Uncritical media consumers can readily be duped and influenced (Goldstein 2011; McGregor 2018), especially PSTs who are struggling with an evolving professional identity.
Findings corroborate Brownlee, Purdie, and Boulton-Lewis’s (2001) recommendation that teacher education programs must help Saudi PSTs reflect on their epistemological beliefs, with this study confirming the instructional effectiveness of critical analysis and reflection.

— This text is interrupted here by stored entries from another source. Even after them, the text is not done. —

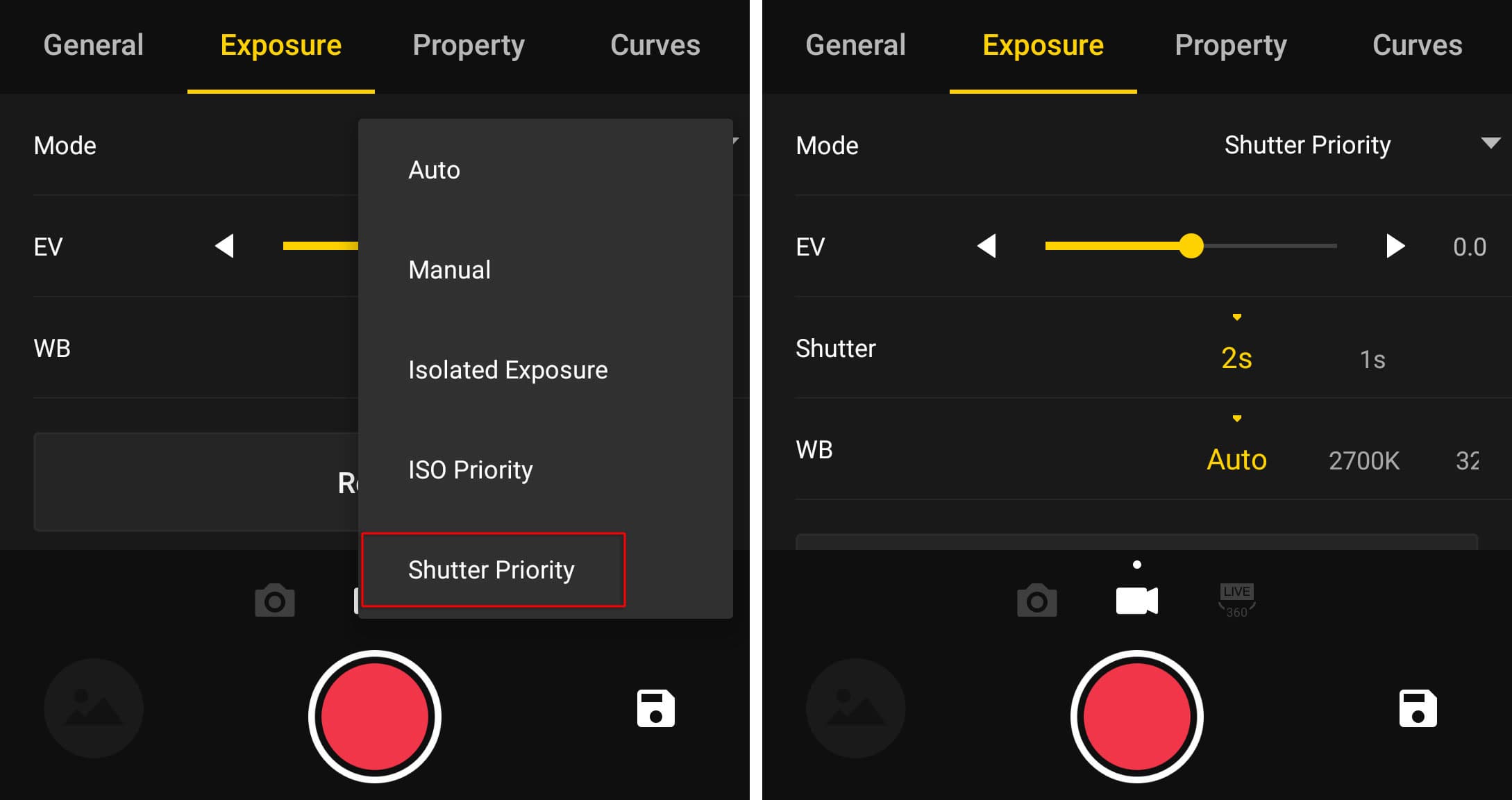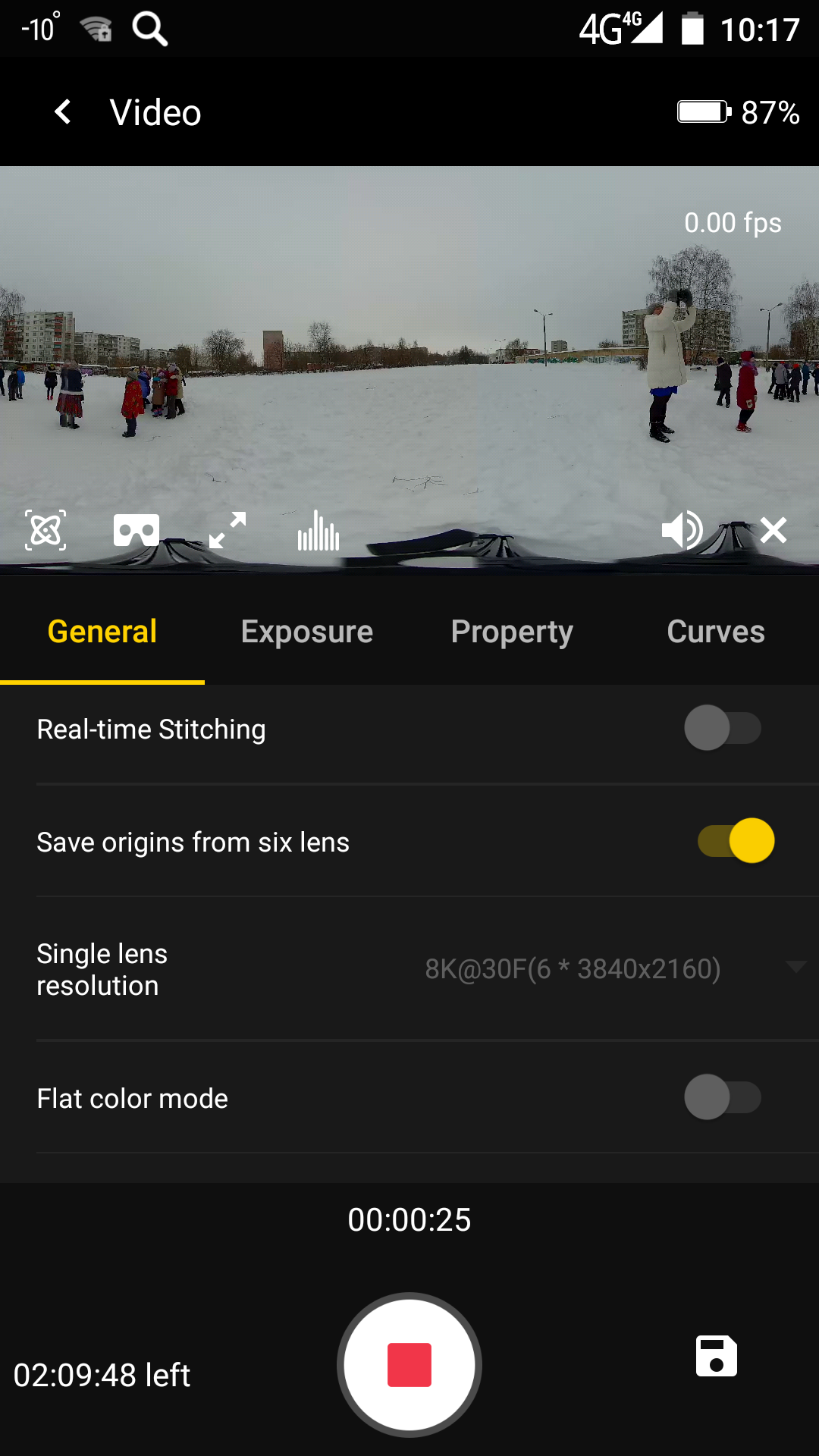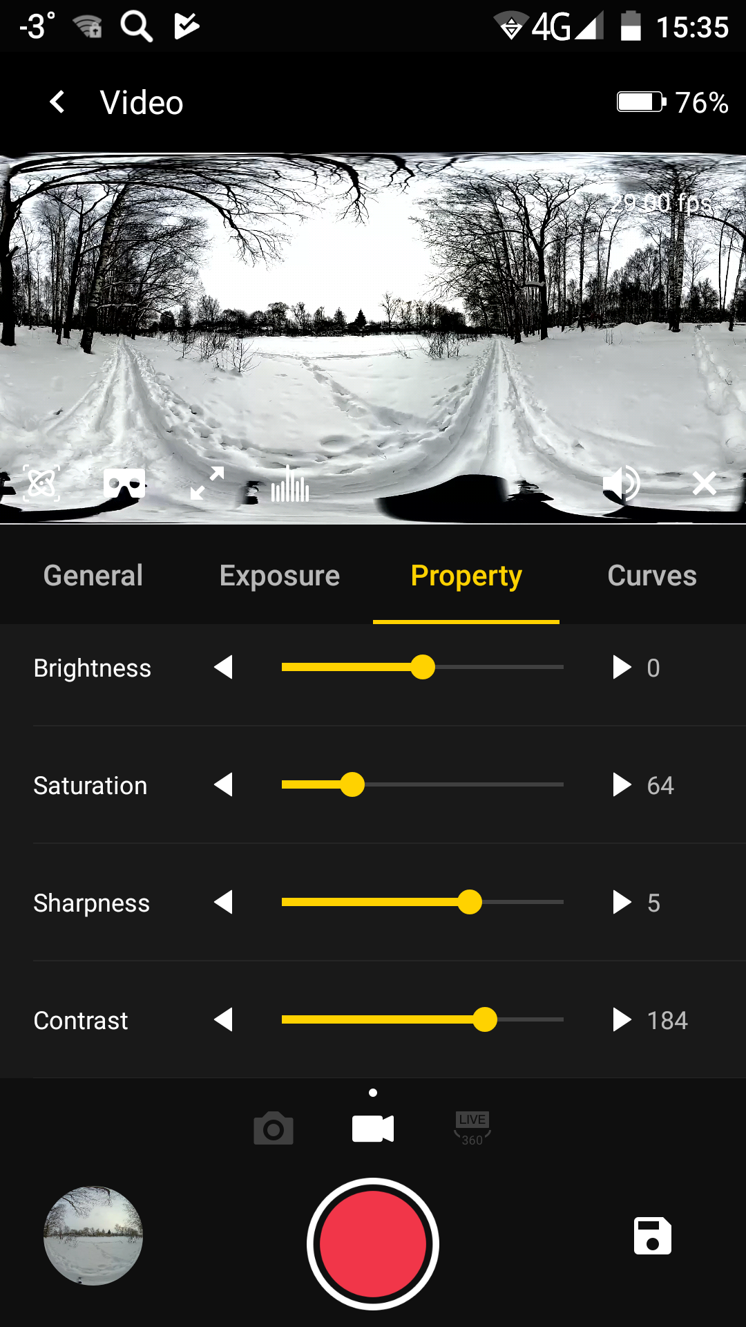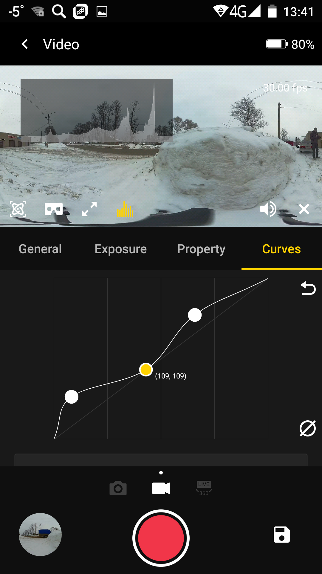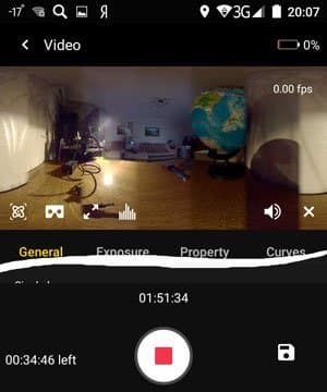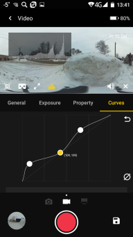 Имеющиеся настройки позволяют выбрать любой из существующих режимов записи, подправить яркость, контрастность, баланс белого, и даже создать заказную кривую. Просмотр записанного материала также возможен непосредственно из приложения, в этом случае на смартфон будет транслироваться ролик с невысоким разрешением и без звука, который создается камерой автоматически во время любой записи.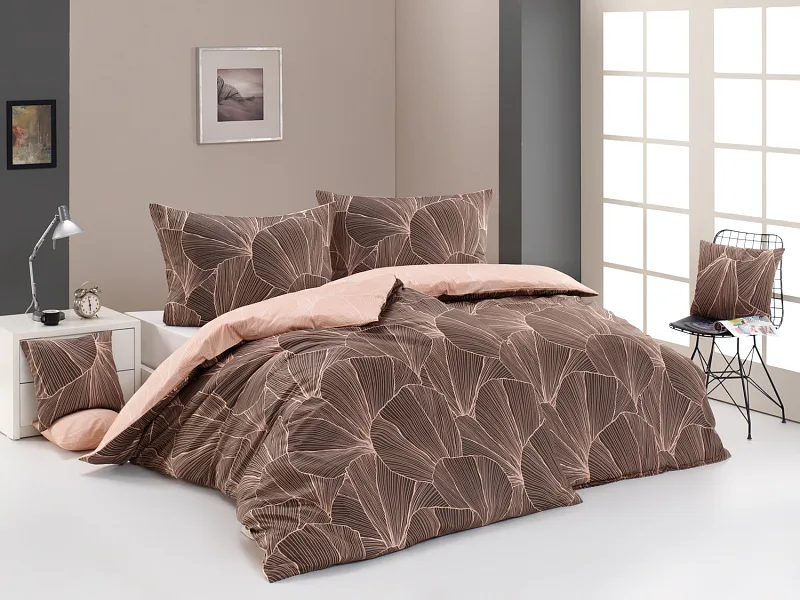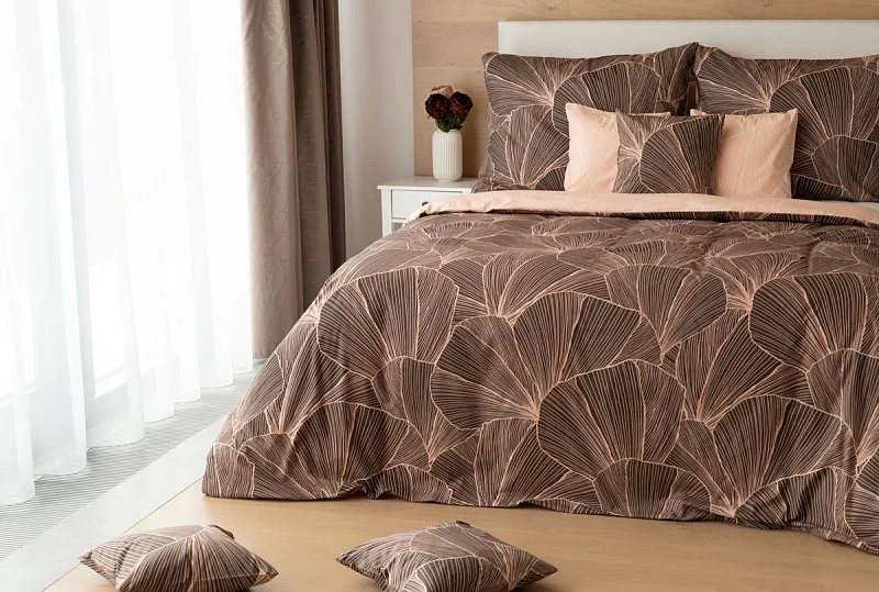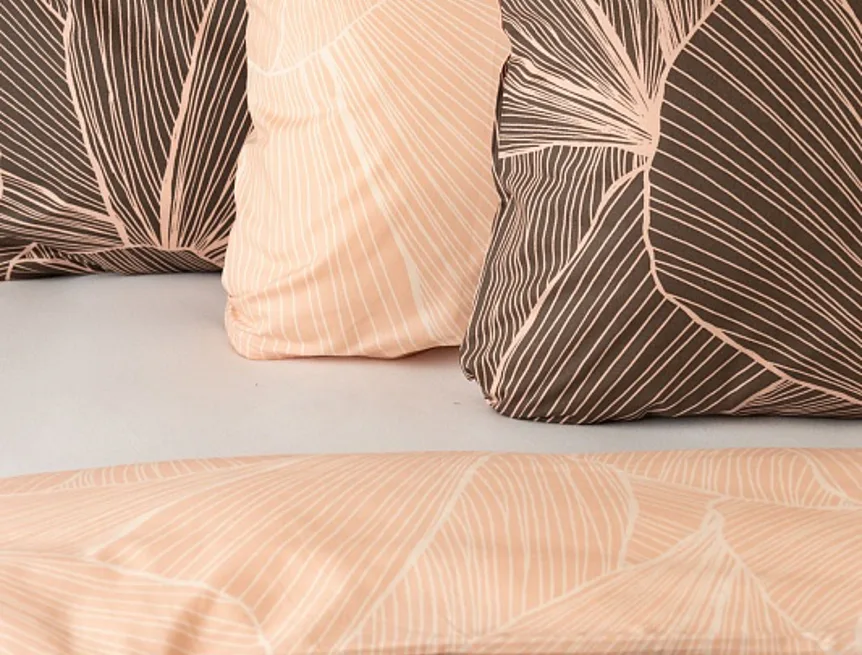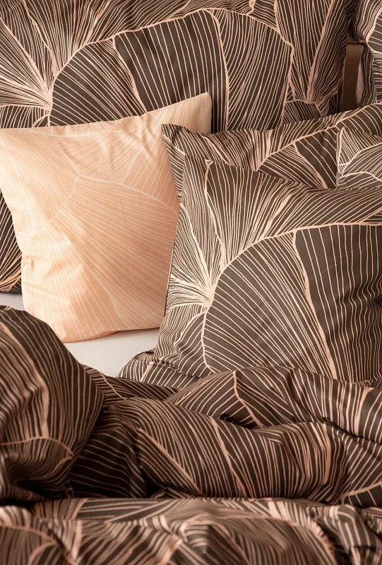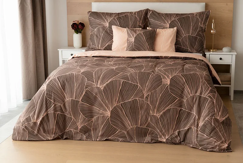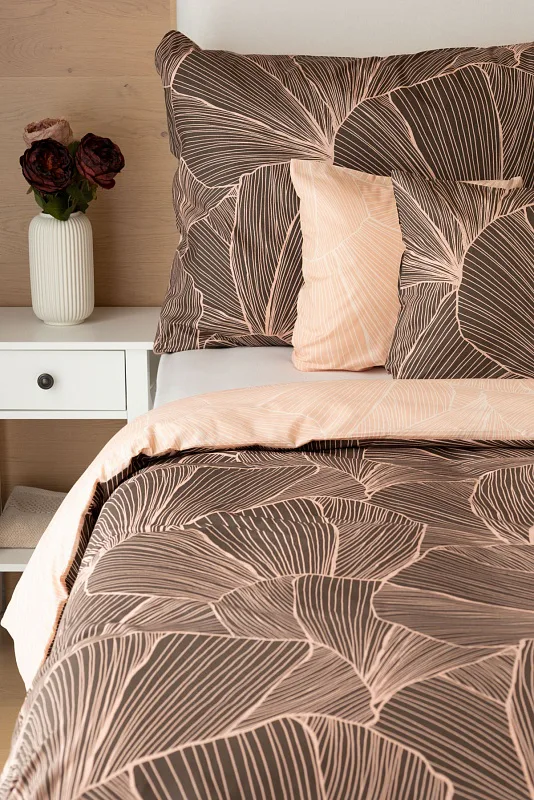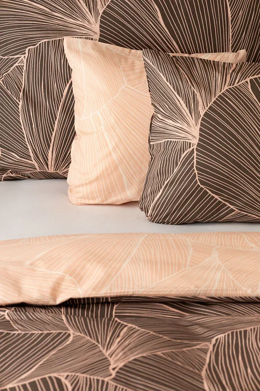 Svieži a elegantný dizajn obliečok Flop si vás získa na prvý pohľad! V abstraktnej kresbe sa snúbia ružovo-púdrové tóny s podkladovou antracitovou. Vrchnej strane prikrývky aj vankúša dominuje antracitový podklad s jemnou púdrovou kresbou. Na spodnej strane prirkývky je svetlá kresba vnesená do tmavšieho ružovo-púdrového podkladu. Spodná strana obliečky na vankúš je taktiež svetlá ako na prikrývke, ale tu je tmavšia kresba vnesená do svetlejšieho podkladu. Detail vankúša zachytáva ilustračná fotografia.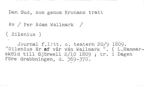 Den Gud, som genom Kronans tratt //// Av / Per Adam Wallmark ( Silenius ) //// Journal f.litt. o. teatern 20/9 1809. "Silenius är af vår vän Wallmark ". ( L.Hammarsköld till Gjörwell 2/10 1809 ; tr. i Dagen före drabbningen, d. 369-370.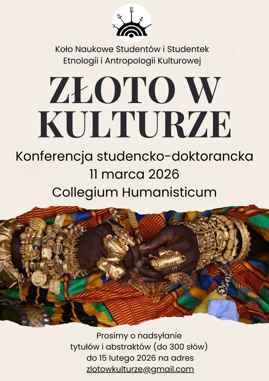 Koło Naukowe Studentów i Studentek Etnologii i Antropologii Kulturowej UMK, zaprasza na studencko-doktorancką konferencję naukową “Złoto w kulturze”, która związana jest z wydaniem dziesiątego numeru zina etnograficznego “Nowe Okoliczności”. Jubileuszowy, złoty numer naszego czasopisma to okazja by zaprosić antropologów, kulturoznawców, socjologów, filologów, pedagogów, filozofów, politologów, medioznawców i wszystkich innych badaczy kultury i społeczeństwa do wspólnej refleksji nad znaczeniem złota jako metafory przemian wartości w kulturze polskiej i w innych kulturach. Konferencja odbędzie się 11 marca 2026 r. na Uniwersytecie Mikołaja Kopernika w Toruniu, zgłoszenia należy przesłać do 15 lutego 2026 r.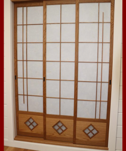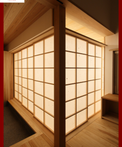 Một trong những điểm nhấn quan trọng là cửa trượt và vách ngăn Shoji – biểu tượng đặc trưng trong kiến trúc Nhật. Chất liệu giấy Shoji được làm từ cây dâu tằm, vừa bền vừa xuyên sáng, chống ẩm hiệu quả. Cấu tạo gồm hai lớp nan gỗ bao quanh lớp giấy ở giữa, kết dính bằng keo chuyên dụng, đảm bảo độ chắc chắn và thẩm mỹ. Thanh ray trượt được thiết kế giấu kín, giúp cửa hoạt động êm ái, tạo nên vẻ đẹp tinh tế và hoàn hảo trong từng chi tiết.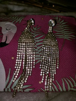 Pendientes largos plateados con pedrería
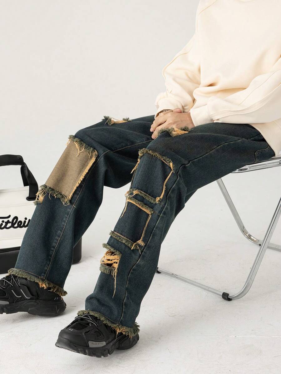 Street Life Vaqueros De Hombre Con Parches Desgastados Y Parches De Mezclilla, Adecuado Para Todas Las Estaciones

Findings further affirm the pedagogical imperative that Saudi teacher education programs sensitize PSTs to the benefits of critically deconstructing media images to stave off the chance of negative connotations of teachers so that teaching becomes part of the Saudi collective memory and future teachers’ professional identity.
References
Brownlee, J., N. Purdie, and G. Boulton-Lewis. 2001. “Changing Epistemological Beliefs in Pre-Service Teacher Education Students.” Teaching in Higher Education 6 (2): 247–268.
Goldstein, R. A. 2011. “Imaging the Frame: Media Representations of Teachers, Their Unions, NCLB, and Education Reform.” Educational Policy 25 (4): 543–576.
Nazar, S. 2019. “Media Scene in Saudi Arabia.” Media Studies Group Magazine, October 1.
Kirby, D. 2015. “The Influence of Teacher Media Images on Professional Teacher Identities.” PhD diss., University College London.
Schwartz, B. 2014. “American Journalism’s Conventions and Cultures, 1863–2013: Changing Representations of the Gettysburg Address.” In Journalism and Memory, edited by B. Zelizer and K. Tenenboim-Weinblatt, 211–226. Portsmouth, NH: Palgrave McMillan.